System Modernization & Kubernetes Migration

Spearheaded the migration of the entire infrastructure from legacy virtual machines to a standardized, highly-available Kubernetes environment.

  • Legacy Application Containerization: Successfully containerized a large, monolithic legacy PHP application with obsolete libraries and multiple database dependencies (MySQL, PostgreSQL, MongoDB), unblocking modern development workflows.
  • Stateful Service Migration: Orchestrated the complex migration of critical stateful services—including Elasticsearch, Kafka, Redis, and Memcached—to a shared Kubernetes cluster, dramatically improving reliability and SRE management experience.
  • Database Modernization: Managed and executed major version upgrades for critical PostgreSQL and MongoDB database clusters to ensure compatibility with modern infrastructure.

Platform Engineering & Developer Experience

Championed the adoption of a "Common Tech Foundation" (CTF) to standardize development and deployment, boosting developer velocity.

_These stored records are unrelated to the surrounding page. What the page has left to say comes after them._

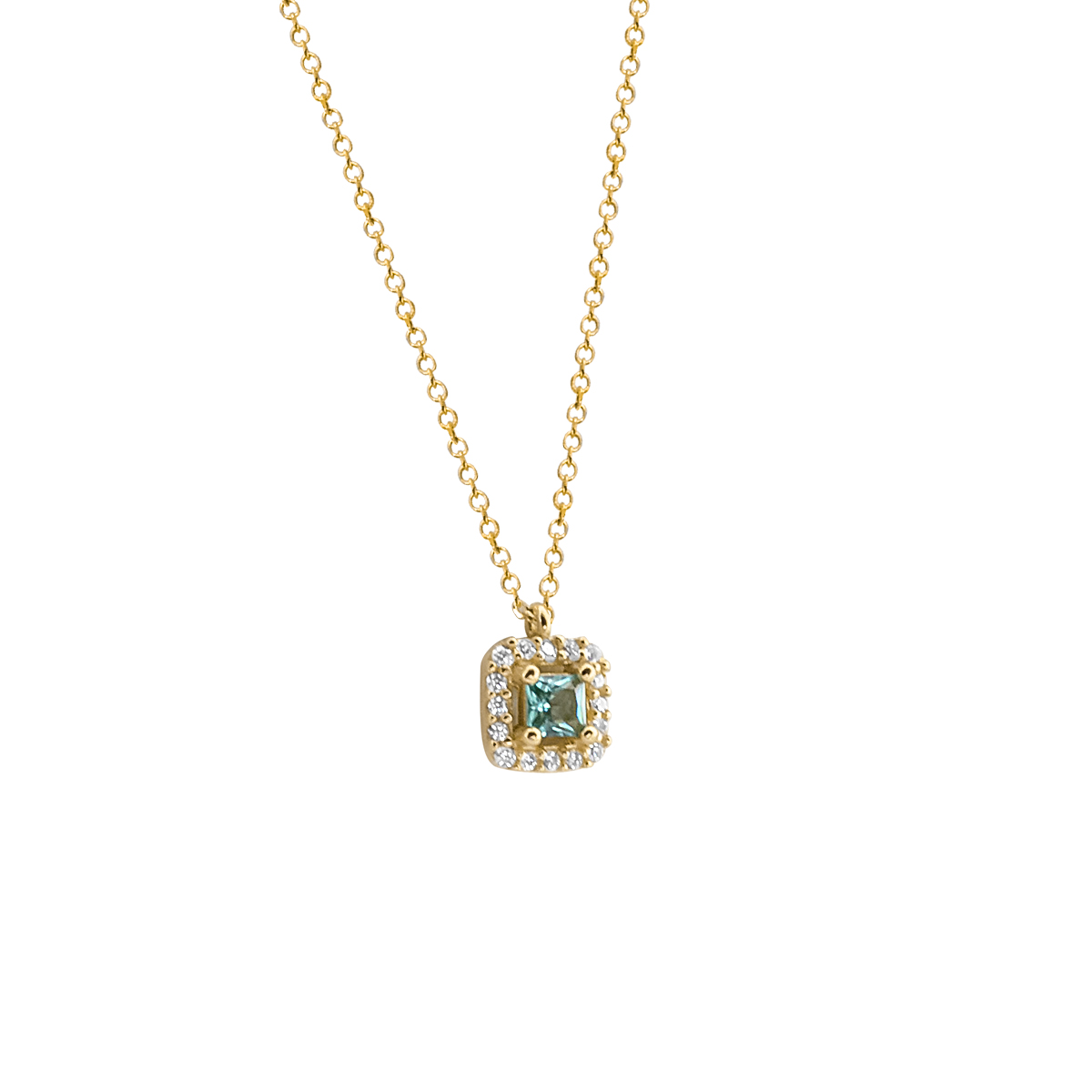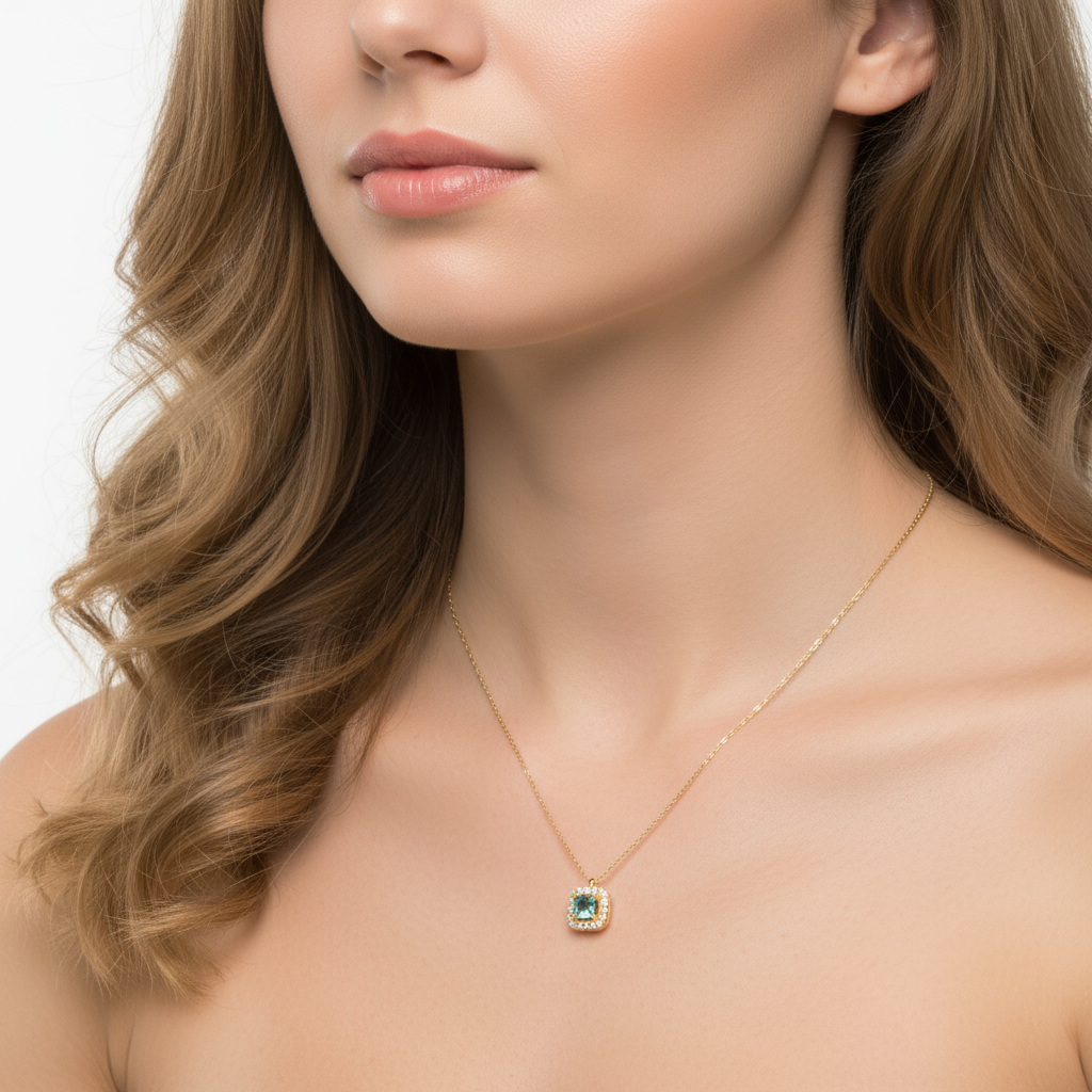 Κολιέ από χρυσό 14 καρατίων με τετράγωνο μενταγιόν, διακοσμημένο με πράσινη πέτρα στο κέντρο και πλαίσιο από λευκές πέτρες που προσθέτουν λάμψη. Ο σχεδιασμός του ισορροπεί ανάμεσα στη διαχρονική κομψότητα και τη σύγχρονη αισθητική, ενώ η λεπτή αλυσίδα αναδεικνύει διακριτικά το μενταγιόν. Ένα φωτεινό κόσμημα που δίνει μια εκλεπτυσμένη πινελιά σε κάθε εμφάνιση.
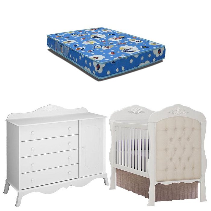 Berço Americano Capitone com Colchão e Cômoda Infantil Realeza Branco Acetinado – Canaã Branco Acetinado
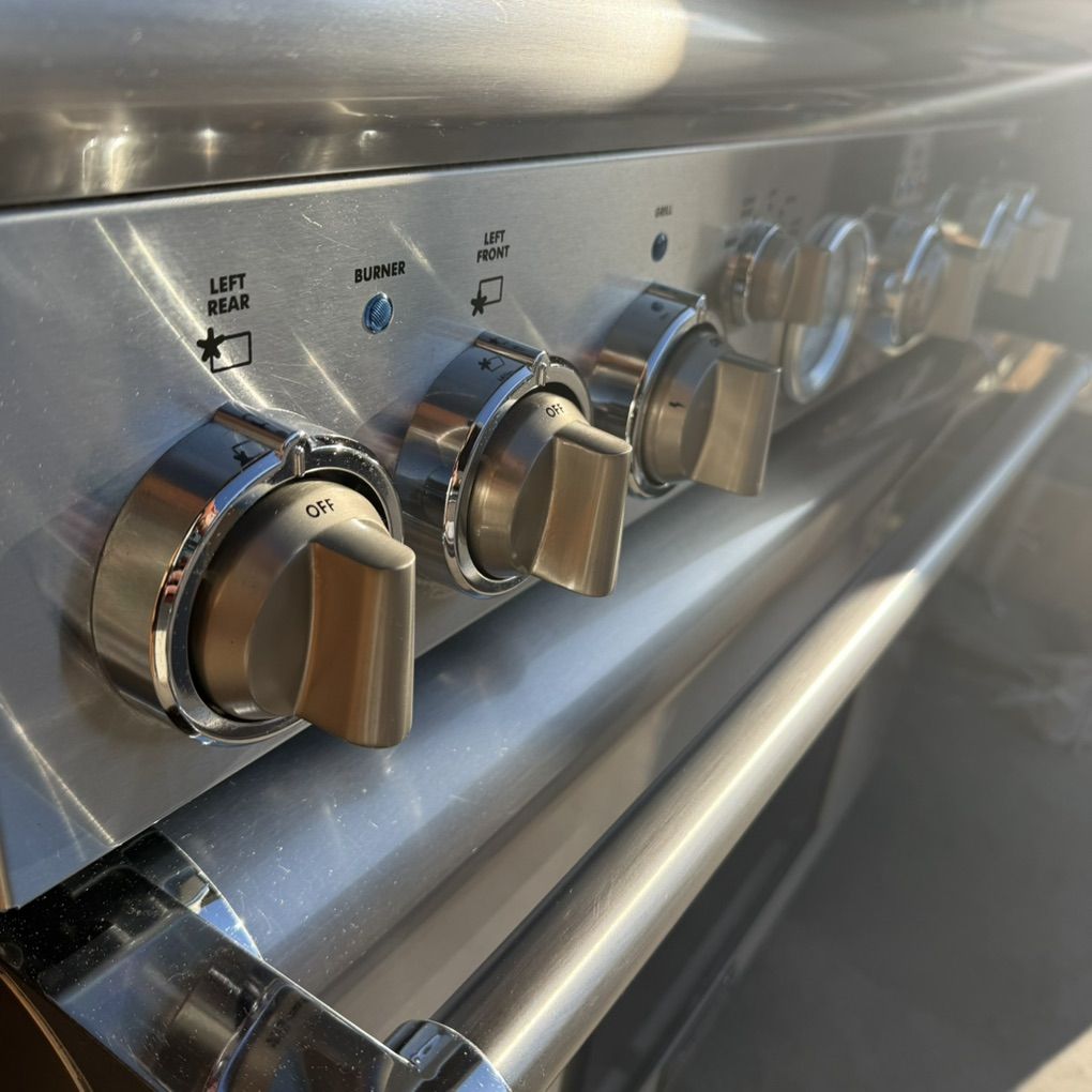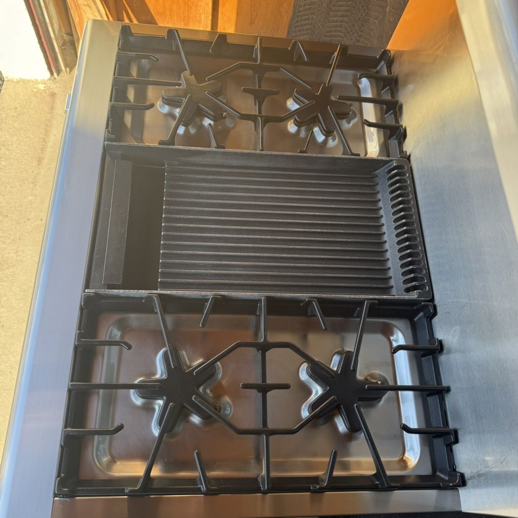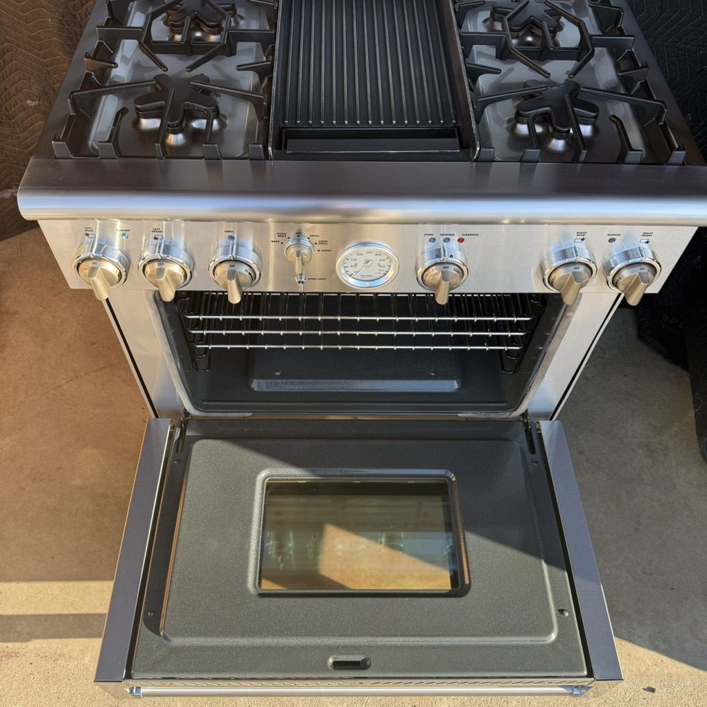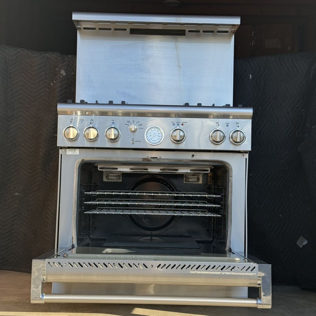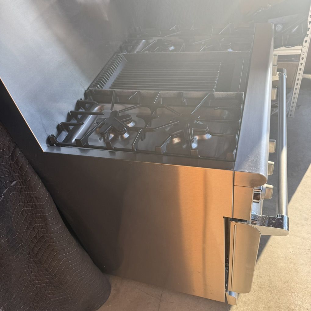 Used Thermador Pro 36 Inch Dual Fuel Range, 4 Star shaped sealed burners, Griddle , Electric Oven with Convection system. Set for Natural Gas and 220 v.

  • CI/CD Architecture: Replaced insecure, manual deployment processes with automated CI/CD pipelines using Jenkins and later migrated workflows to a centralized platform on GitHub Actions.
  • Centralized Tooling: Implemented and managed centralized solutions for secrets management (Hashicorp Vault), configuration, service definition, and various internal tooling, improving security and developer efficiency.
  • Infrastructure as Code (IaC): Led the codification of all cloud infrastructure using Terraform and Terragrunt, establishing a version-controlled, auditable, and repeatable system for infrastructure management.

Security & Compliance Fortification

Executed a multi-pronged strategy to harden the security posture of the entire platform.

  • Zero Trust Architecture: Implemented Cloudflare Zero Trust and overhauled GCP firewall rules to a "default-deny" policy, drastically reducing the attack surface.
  • Threat Detection & Monitoring: Deployed and managed a centralized SIEM by onboarding all VMs to Wazuh for intrusion detection and configured the GCP Security Command Center.
  • Data Residency Compliance: Architected and built a dedicated infrastructure environment in Vietnam, including setting up a hypervisor on a physical server and implementing nested database replication (MySQL & PostgreSQL) to comply with local data residency regulations.

Advanced Observability

Architected and deployed a comprehensive, cost-effective observability platform to replace a costly SaaS solution.

  • Monitoring Stack: Implemented a self-hosted stack using VictoriaMetrics, Prometheus, and Grafana, migrating the entire platform to Kubernetes for high availability.
  • Data-Driven Insights: Empowered engineers with secure, read-only access to production data by building a real-time replication pipeline from 37 production databases to Google BigQuery using GCP Datastream.